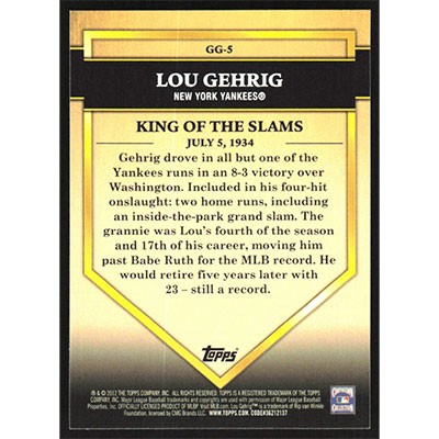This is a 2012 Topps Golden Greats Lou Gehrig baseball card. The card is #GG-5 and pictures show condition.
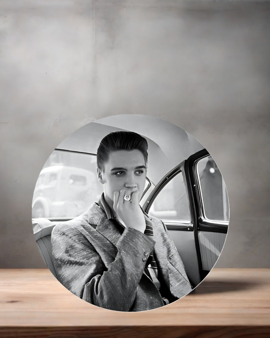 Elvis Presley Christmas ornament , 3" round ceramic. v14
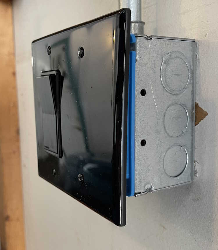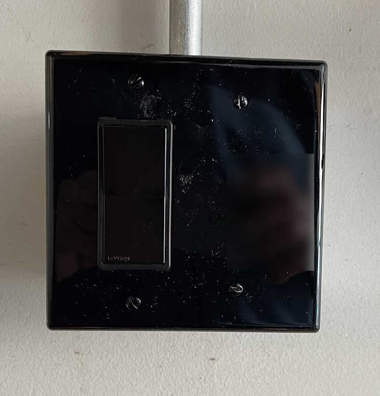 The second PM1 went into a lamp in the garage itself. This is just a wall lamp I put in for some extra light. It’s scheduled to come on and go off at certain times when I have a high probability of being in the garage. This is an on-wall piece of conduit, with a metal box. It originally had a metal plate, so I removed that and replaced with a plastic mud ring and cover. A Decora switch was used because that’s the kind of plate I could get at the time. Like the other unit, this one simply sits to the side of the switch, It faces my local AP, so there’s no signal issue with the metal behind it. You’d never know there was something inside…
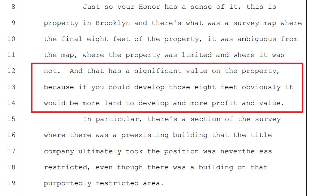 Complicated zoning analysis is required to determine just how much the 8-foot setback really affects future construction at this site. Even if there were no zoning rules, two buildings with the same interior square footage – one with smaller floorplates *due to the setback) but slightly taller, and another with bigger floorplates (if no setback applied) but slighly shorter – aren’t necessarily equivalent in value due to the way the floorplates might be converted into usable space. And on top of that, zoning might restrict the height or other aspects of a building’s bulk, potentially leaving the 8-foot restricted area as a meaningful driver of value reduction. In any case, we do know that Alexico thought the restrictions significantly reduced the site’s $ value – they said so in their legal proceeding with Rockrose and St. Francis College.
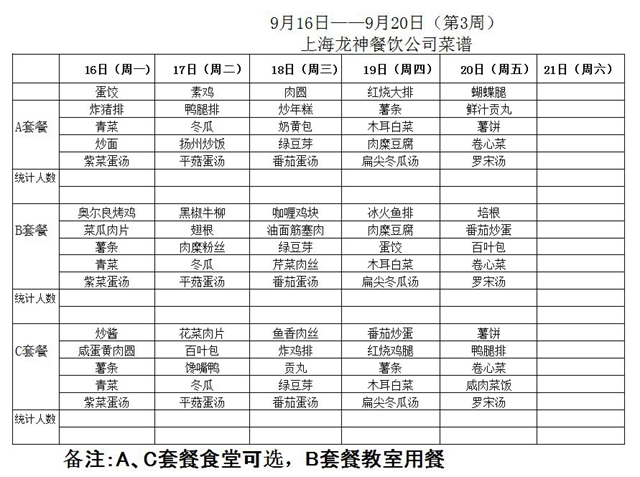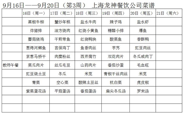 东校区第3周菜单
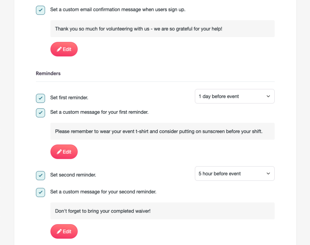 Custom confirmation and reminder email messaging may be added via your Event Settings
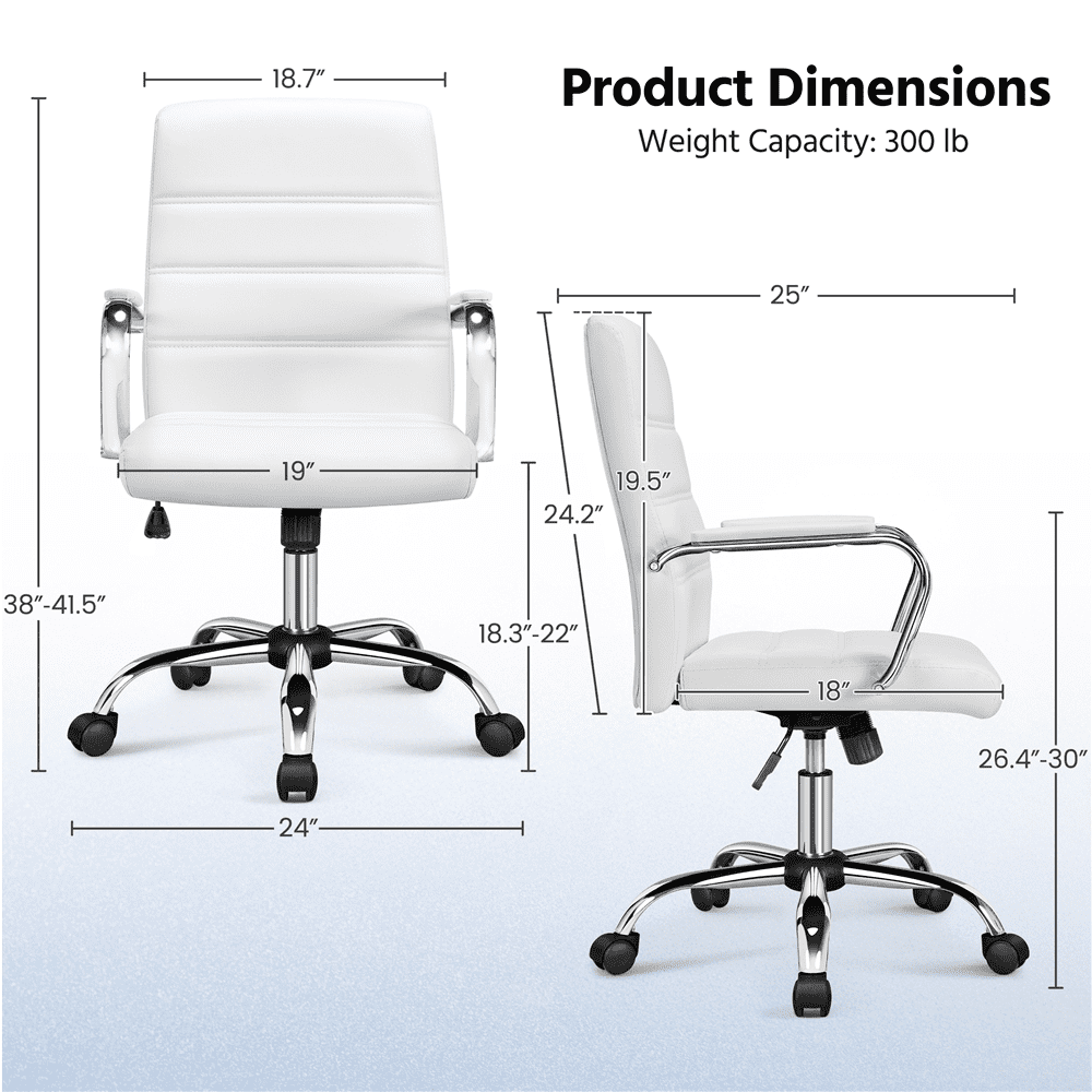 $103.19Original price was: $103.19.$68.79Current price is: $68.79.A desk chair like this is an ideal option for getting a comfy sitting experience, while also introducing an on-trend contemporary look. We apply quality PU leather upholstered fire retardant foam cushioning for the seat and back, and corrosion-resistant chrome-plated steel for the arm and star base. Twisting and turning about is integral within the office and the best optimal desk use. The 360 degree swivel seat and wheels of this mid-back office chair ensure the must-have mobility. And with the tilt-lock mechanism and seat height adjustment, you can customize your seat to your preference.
• • • • •
* Exercise:
Quote, please, every line of the material above from its start through the line that has "Elvis Presley Christmas", reproducing the words exactly and dropping any images.

* The completed task:
This is a 2012 Topps Golden Greats Lou Gehrig baseball card. The card is #GG-5 and pictures show condition.
 Elvis Presley Christmas ornament , 3" round ceramic. v14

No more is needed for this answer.